Yiyi McManus, a Lynn resident, is the recipient of the 2008 International Presentation of Performers (iPOP) Acting Audition scholarship and, in addition, she will appear as a guest on the next season of “Wizards of Waverly Place,” the Disney Channel’s original show.
Lynn teen receives '08 iPOP scholarship, TV appearance
By Mike Atkinson / For The Item
As an orphan in a welfare institute in China, Yiyi McManus barely knew if she was going to survive to see another day, yet today her sights are set on Hollywood.
Yiyi, a Lynn resident, is the recipient of the 2008 International Presentation of Performers (iPOP) Acting Audition scholarship and, in addition, she will appear as a guest on the next season of "Wizards of Waverly Place," the Disney Channel's original show.
Yiyi, a 2008 graduate of Breed Middle school, received the $20,000 scholarship earlier this month at the annual iPOP convention in Las Vegas, Nev. where she also had the chance to audition in front of agents and casting directors for various shows including Desperate Housewives, Ugly Betty, Scrubs, Entourage, Hannah Montana and Zoey 101.
Ron Patterson, the chairman and president of John Roberts Powers school systems, funded Yiyi's trip to attend the four-day convention in Las Vegas and then, at the conclusion of the convention, presented her with a scholarship that was recently established by the John Robert Powers school system in her name.
"I had no idea that I was receiving the award. I was so excited just to be able to go up on stage and speak in front of the large crowd," Yiyi said of her impromptu speech to nearly 4,000 attendees.
Former Lynn mayor and Yiyi's father, Pat McManus said his 14-year-old daughter did a great job under pressure.
"When she was up on stage she looked like an entirely different kid," he said. "She was so mature."
Yiyi, currently a student at John Robert Powers Boston, was adopted from China by Pat and his wife Debbie when Yiyi was 4-years-old.
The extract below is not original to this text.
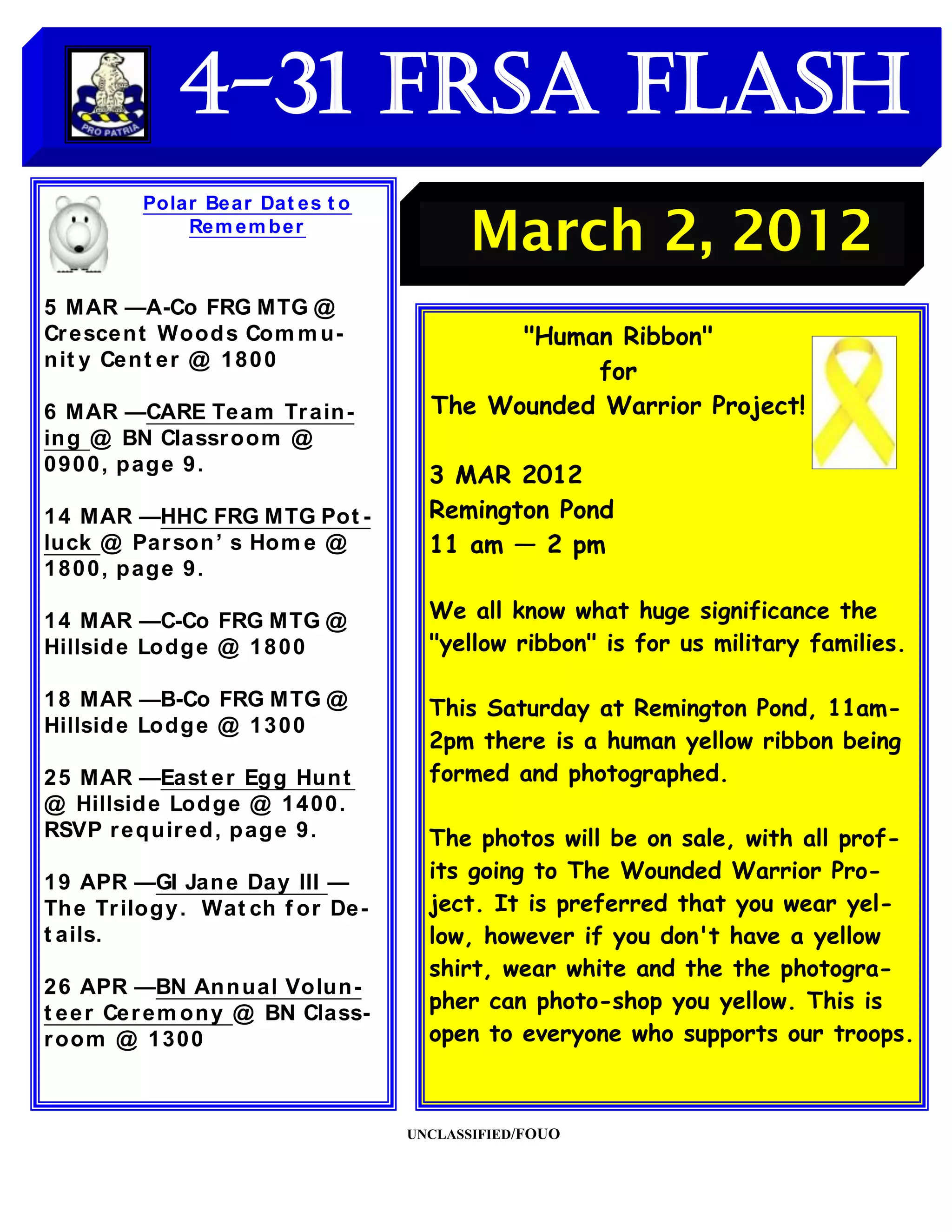- Family Readiness Group meetings on various dates

As an infant, Yiyi was abandoned in Guangzhou, China where she was found in a closet at the Guangzhou hospital with a note saying "We can't take care of her" and a few Chinese dollars pinned to her blanket.
While at the orphanage, Yiyi faced daily hardships that included starvation and beatings that resulted in broken bones. Even after reconstructive surgery to her eardrums, Yiyi still suffers from a slight hearing loss that resulted from a blunt trauma to her head.
"She's had to work 10 times as hard as the average person," said her father. "But she doesn't quit. The word 'no' means nothing to her."
With the help of an American woman who was volunteering at Yiyi's orphanage, Yiyi received daily meals and nurturing for nearly two years. Adding into account what happened to many other kids at the orphanage, Pat McManus credits this woman with saving Yiyi's live.
"About 7 years ago, I received a letter with a photo of a woman holding a young child that looked like Yiyi," he said. "Come to found out, that woman in the photo was the woman who saved Yiyi from the orphanage. A few years back we invited the woman to our house and she spent a week with Yiyi. She is a great woman. It was truly amazing."
When asked how she became interested in modeling, Yiyi credits a Disney Channel movie. Coincidentally, this fall, Yiyi will be in Hollywood guest-staring on a Disney Channel show.
"Since I was six years old I wanted to become a model," she said. "I saw a movie on the Disney channel - 'Model Behavior' - about a young female model and since then I have wanted to model."
Her father has a slightly different memory.
"Yiyi, when she was six, told me that she wanted to get 'nice clothes for free' and have people ask her for autographs," he said.
Once Yiyi started to attend modeling classes at John Robert Powers Boston, she quickly became a child protégé under the watchful eye of Arelen Pedjoe and Barbara Tyler, the owners of the modeling school, who focused on placing the atrocities of Yiyi's past behind her.
Now, Yiyi focuses on using those tough years of her life as an inspiration to other struggling children.
"I model because I would like to go back to China, visit the kids and get them out of the orphanages," she said. "I want to show those kids that they are bigger than they think they are. No one deserves to live like they do in the orphanages. I hope people in China will see what I went through and I hope adults will hear my story and adopt a child of their own."
Pat McManus credits YiYi's teachers with her success.
"The John Robert Powers School in Boston, Ron Paterson and iPOP have been great to Yiyi," he said, recalling Yiyi running on stage when he would deliver speeches as mayor. "When I was mayor of Lynn and doing a lot of public speaking, she would follow me on stage and grab the mike. She's always been very composed and very comfortable in front of a crowd."
In September, Yiyi and her family will be traveling to Hollywood for a week to meet with agents from "Wizards of Waverly Place" and then in January Yiyi will move to Hollywood for four months to do tapings of the television show. She has already appeared in commercial print advertising campaigns and Houghton Mifflin textbooks, and was featured in a live television broadcast, airing in China and New York.
"I love acting and modeling because you get to play out the different emotions in a lot of characters," Yiyi said. "In the end, I am still me but I get to play someone else."